The 006 trial (NCT02577523) of NeuroDerm’s IV-delivered therapy dealt with what is known as Parkinson’s off time. The time when a treatment is doing a good job of controlling symptoms is called an on period, and the time when symptoms re-emerge an off period.

ND0612H, a combination of  levodova and carbidopa (LC), eliminated off time in 42 percent of the patients. In addition, it reduced off time in the group as a whole from an average of 5.6 hours during the day before treatment to 2.8 afterward.

Dr. Sheila Oren, chief medical officer at Israel-based NeuroDerm, presented the poster-session results at the 21st International Congress of Parkinson’s Disease and Movement Disorders in Vancouver, June 4-8. The presentation was titled “Safety, efficacy and tolerability of continuous SC LD/CD (ND0612) infusion in PD patients with motor fluctuations.”

Off times consist of periods when patients become rigid and unable to move or communicate.

The trial was a 28-day multi-center study in the United States, the European Union and Israel. It compared the effectiveness, safety, tolerability and pharmacology — or drug characteristics — of two dosing regimens of ND0612H and a standard oral therapy in 38 patients.

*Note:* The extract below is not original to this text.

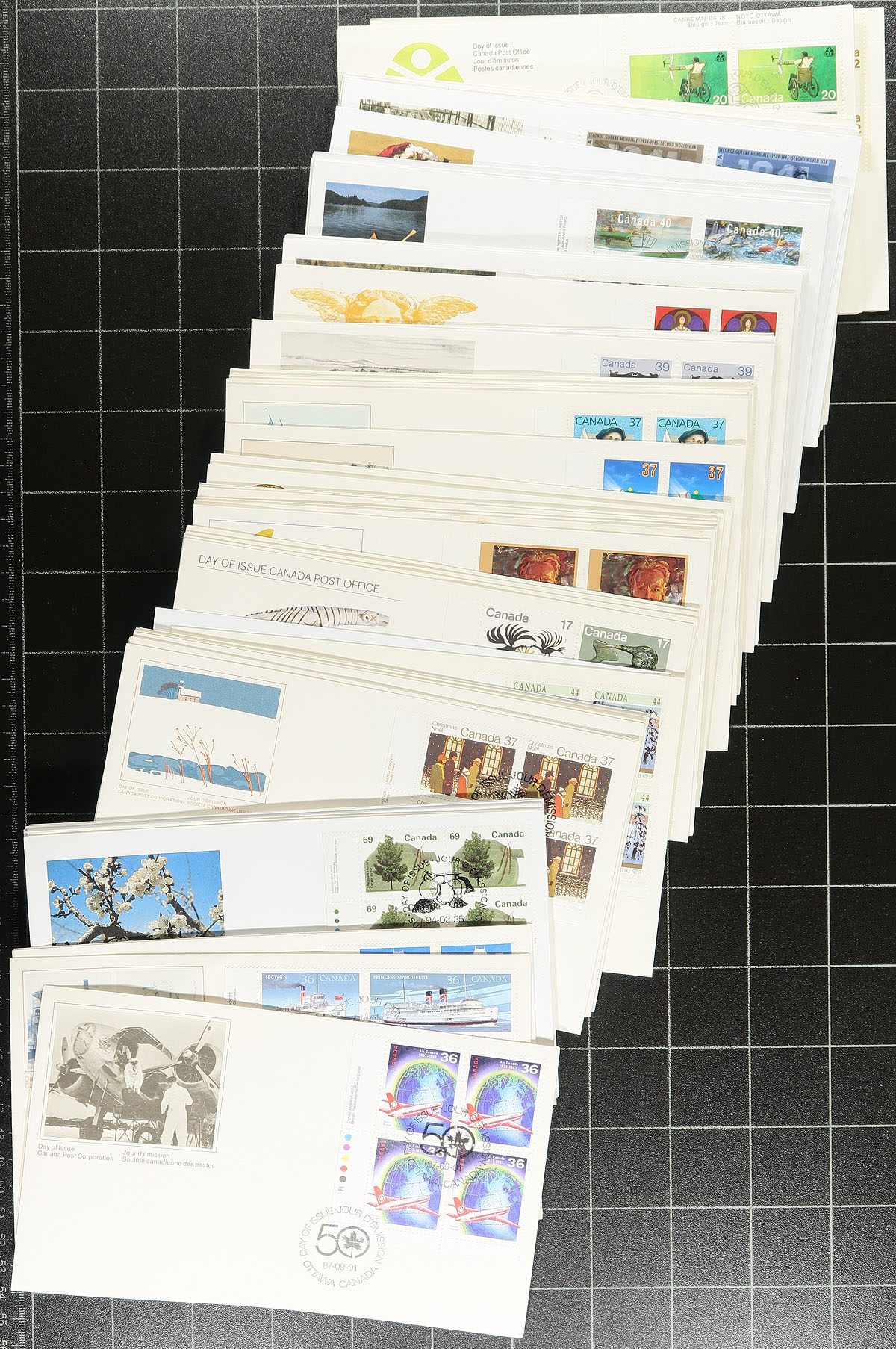 First Day Covers. Expensive First Day Cover Box #1: A large shoebox with a mix of mostly 1980's-1990's Canada Post Cacheted FDCs, with many plate blocks, including a number of matched sets, from a collector who didn’t shy away from the high cost (the $1, $2, $5 from the "Architecture" set are here in plate block matched sets,stamps face value $128.00 alone), same for the "Mammals", and the list goes on. Includes some singles and pairs, and a small group of large "Art" FDCs. A quick browse indicates that the stamps’ face value is over $500.00. All unaddressed and appear to be in good condition. Estimate =

Regimen 1 consisted of a high dose of ND0612H for 18 hours and a lower night dose for six hours. Regimen 2 consisted of a low dose for 14 hours during waking hours, and an even smaller dose the next morning. All of the patients could add an oral version of the levodova-carbidopa combo if they wanted.

The primary objective of the study was to see if ND0612H delivered continuously by IV over 24 hours would lower patients’ off time. Regimen 1 eliminated off time in 42 percent of patients. It also cut off time in half — from 5.6 hours to 2.8 hours — in the group overall.

Researchers also evaluated the percentage of patients who were experiencing on time in the early morning — a time of the day when Parkinson’s therapies often wear off. Regimen 1 doubled the number of patients who achieved their first on between 8 a.m. and 9 a.m., compared with what was happening before they were treated.

Another finding was that both regimens increased patients’ “good” on time, the periods when they experienced little or no dyskinesia, or impairment of voluntary movements. Regimen 1 increased “good” on time from 9.2 to 12.9 hours, and Regimen 2 from 8.5 to 11.3 hours.

Both Regimen 1 and 2 decreased from 5.1 hours to 1.6 hours the moderate or severe dyskinesia experienced by a subgroup of 14 patients.

In addition, patients on Regimen 1 improved their scores at 8 a.m. on a measure of movement functioningknown as the Unified Parkinson’s Disease Rating Scale III score. And they maintained the improvement throughout the day.

Both regimens were well tolerated. Four patients reported serious adverse events, and two dropped out of the trial. IV-site reactions were common, but patients were able to tolerate most of them. The ND0612H infusion pump did not cause any major inconvenience, patients reported.

“The significant increase in Good ON time coupled with a significant reduction in OFF time, including a complete resolution of OFF time to zero in 42% of patients in the first of our two regimens, demonstrates the substantial potential of 24-hour administration of ND0612H,” Dr. Oded S. Lieberman, the CEO of NeuroDerm, said in a press release.

Lieberman said the results indicate that the combo therapy could signal a major improvement in the treatment of advanced Parkinson’s, “without the surgical risks associated with deep brain stimulation and LD/CD intestinal gel.”